# Flushing ?



## JD466US (Mar 18, 2007)

My Nirvana WW girls are entering their 6th week of flowering. I think that they will be ready to harvest in the next 2 to 3 weeks and am wondering if I should get ready to start flushing my system? Its a small DWC set up and I have been using GH Flora nutes. I was also wondering should I use Clearex or will plain water work? And if I use just water should I keep the ph levels between 5.7 and 6.2 as normal?

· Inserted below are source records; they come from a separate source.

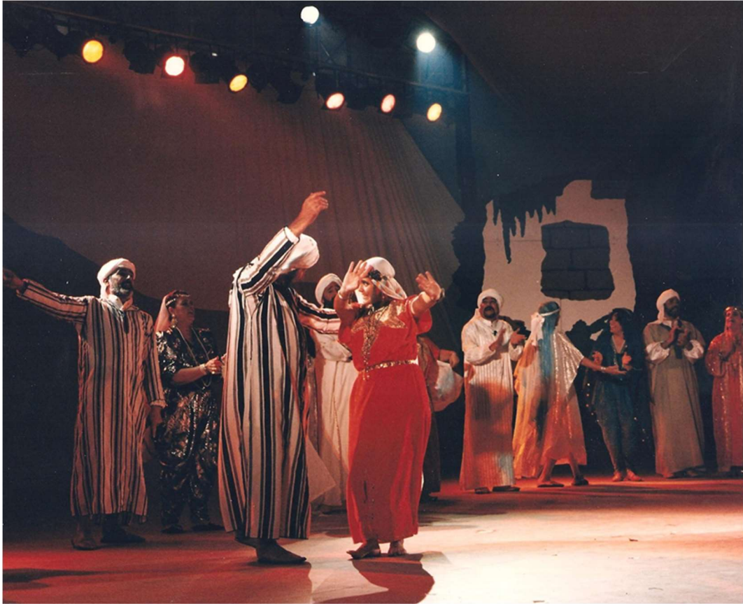
Hoy es día grande en Xeb-Alhamar
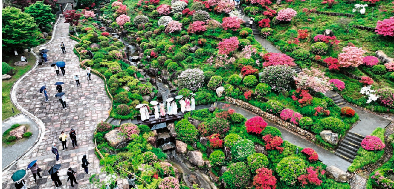
11 de abril de 2026. Visitantes contemplan las azaleas en el Valle Fantástico de Xiazhuo, en el distrito de Deqing, ciudad de Huzhou, provincia de Zhejiang.

el panorama del turismo primaveral ha incluido varias tendencias adicionales: el auge de destinos de nicho, la creciente preferencia por estancias cortas en alojamientos tipo homestay y la aparición de viajes de larga distancia para ver flores a bajo costo.
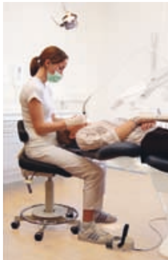
Afb. 1. Een gezonde werkhouding: symmetrisch rechtop zittend met licht gebogen hoofd, de bovenarmen naast het lichaam, de onderarmen licht geheven en een hoek van 110°. Tussen onder- en bovenbenen (Uit: IQual-programma van de NMT).

Thans hebben tandarts-ondernemers en de opleidingen tandheelkunde een zorgplicht voor hun werknemers vastgelegd in de Arbeidsomstandighedenwet die aansluit op de wetgeving van de Europese Unie over veiligheid en gezondheid ( Arbeidsomstandighedenwet , 2007). Dit betekent het zorgdragen voor een werkomgeving die een veilige en gezonde werkwijze mogelijk maakt, het verzorgen van de daarvoor benodigde opleiding en het toetsen hiervan.
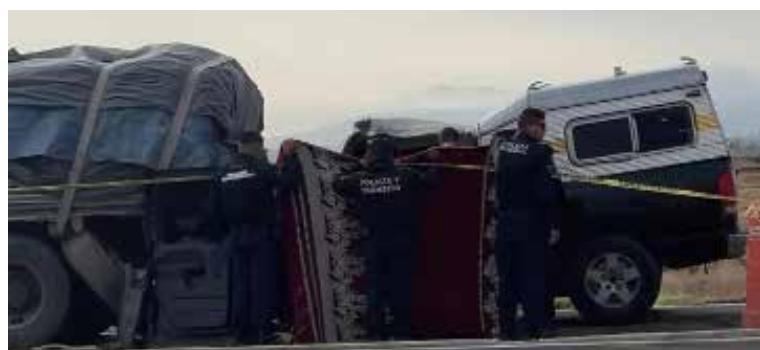
Autoridades reiteran el llamado a los automovilistas a conducir con precaución, respetar los límites de velocidad y mantener la calma al volante

                                              Thanks,
                                                          JD


----------



## KADE (Mar 18, 2007)

flushing is up to the person growing... i notice no taste difference in any way...  the clearing products are good... so is water....  ph should be normal.


----------



## Stoney Bud (Mar 18, 2007)

Here's one pattern of thought on flushing or not. Right up to the second of harvest, somewhere on the plant, THC is still forming. This THC is dependant on nutrients for its formation. If you deprive the plant of nutrients or lessen them for the last week or two before harvesting, you're also, IMHO, depriving the plant of the ability to form THC properly and to its best volume and potency. It's like saying to an athlete before he runs an olympic mile, I'm not going to let you eat for two days before you run. It'll clean out your system and make you run better. That sounds good, but in actuality, your runner will be a walker and lose.

The plants continue to actively grow THC right up to the second they are harvested. IMHO, that THC will of better quality and volume if the plant has ALL the nutrients it can use up to the point in which you cut it down.

Hehe, of course, that could be wrong. No one has ever done proper testing to determine the validity of the "Flushing" methods.

Pick your method and swear by it!

When I harvest, I stand on one foot while singing "Ole MacDonald". I've found that this makes the pot stronger...hehee.


----------



## JD466US (Mar 18, 2007)

Ole McDonald, hmmm, so thats the secret!  Cool, now I know!

                                   Thanks, 
                                              JD


----------



## alaskabud (Mar 19, 2007)

Flushing is a GREAT method- if you have over ferted and want to wash some of the ferts out of the dirt to prevent more damage. Flushing for a week or 2 before harvest and thinking somehow this water is going to enter the thru the roots and either take the bad **** BACK OUT thru the roots or JUMP OUT the leaves with this bad **** is absurd.


----------